Reading of the Week: rTMS – the New JAMA Psych Paper; Also, Opioid Overdoses (JAMA Net Open) and Green on Peak Mental Health (NYT)

From the Editor

She’s an accomplished person who had succeeded in business and then writing, all the while raising three children; she also has an amazing smile and lights up the room when talking about her kids. But in my office, sick with depression, she can only focus on her losses and failings; the smile is absent.

Depression is common and disabling. Those who are affected in late-life are particularly challenging to treat. Is there a better way? In the first selection from JAMA Psychiatry, Dr. Daniel Blumberger (of the University of Toronto) and his co-authors consider theta burst stimulation, a newer form of rTMS which has shown promise in earlier work. Their study is a randomized noninferiority trial, directly comparing the two versions of rTMS in elderly patients with depression. The result? “We showed that bilateral TBS was noninferior to standard bilateral rTMS in improving depression, and similarly well tolerated, in a real-world sample of older adults with TRD [treatment resistant depression]…” We review the paper and its clinical implications.

In the second selection, Lori Ann Post (of Northwestern University) and her co-authors draw on CDC data to look at opioid overdoses in the United States with a focus on geography. In a JAMA Network Open research letter, they find: “Overall, opioid-involved overdose deaths rates increased steadily in counties of every urbanicity type, although there were distinct temporal wave patterns by urbanicity.”
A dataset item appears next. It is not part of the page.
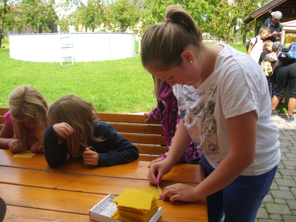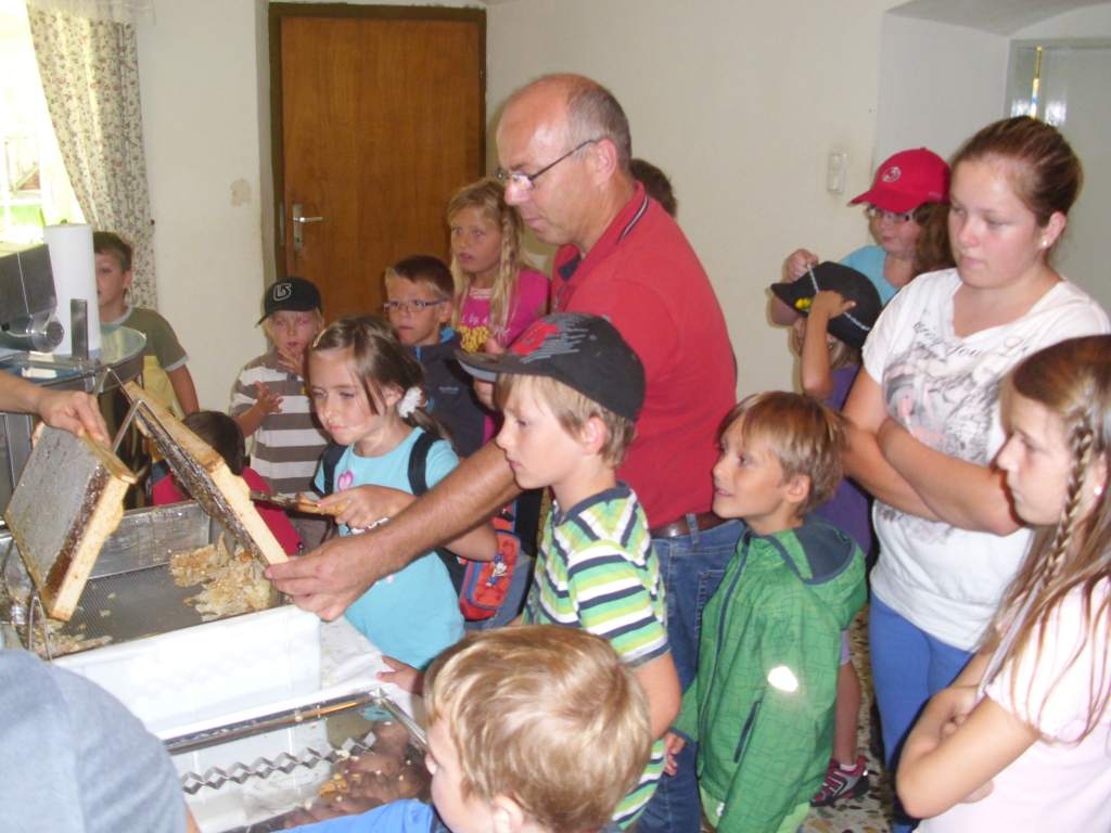 Unter diesem Motto stand eine der vielen gut besuchten Ferienpassaktionen in diesem Jahr. Die Familienfreundliche Gemeinde unter der Leitung von Astrid Lüftinger und Gabi Pühringer widmete diese Veranstaltung den fliegenden Tieren. Zuerst wurde die Imkerei von Ernst und Gertrude Stadlhuber, Matthias z`Bergham besucht. Dort erfuhren die Kinder sehr viel über Biene Maya und Co. Sogar beim Honig schleudern durften die Kinder zusehen und jeder bekam eine kleine Kostprobe mit nach Hause. Mit Tochter Sandra wurden kleine Bienenwachskerzen gefertigt. Nach den vielen Eindrücken und dem erworbenen Fachwissen sowie einer kleinen Stärkung ging´s dann mit dem Traktor von Josef Eder weiter zu Christian Brunner, wo es sehr viele Vögel zu bestaunen gab. Das abschließende Highlight war der Besuch des Zwergerlwaldes.

And in the third selection, Huw Green (of the University of Cambridge) wonders about mental health and mental illness – and worries that the terms are becoming blurred together. Writing in The New York Times, the psychologist concludes: “When we move away from a focus on psychological problems and toward ‘mental health’ more broadly, clinicians stumble into terrain that extends beyond our expertise. We ought to be appropriately humble.”  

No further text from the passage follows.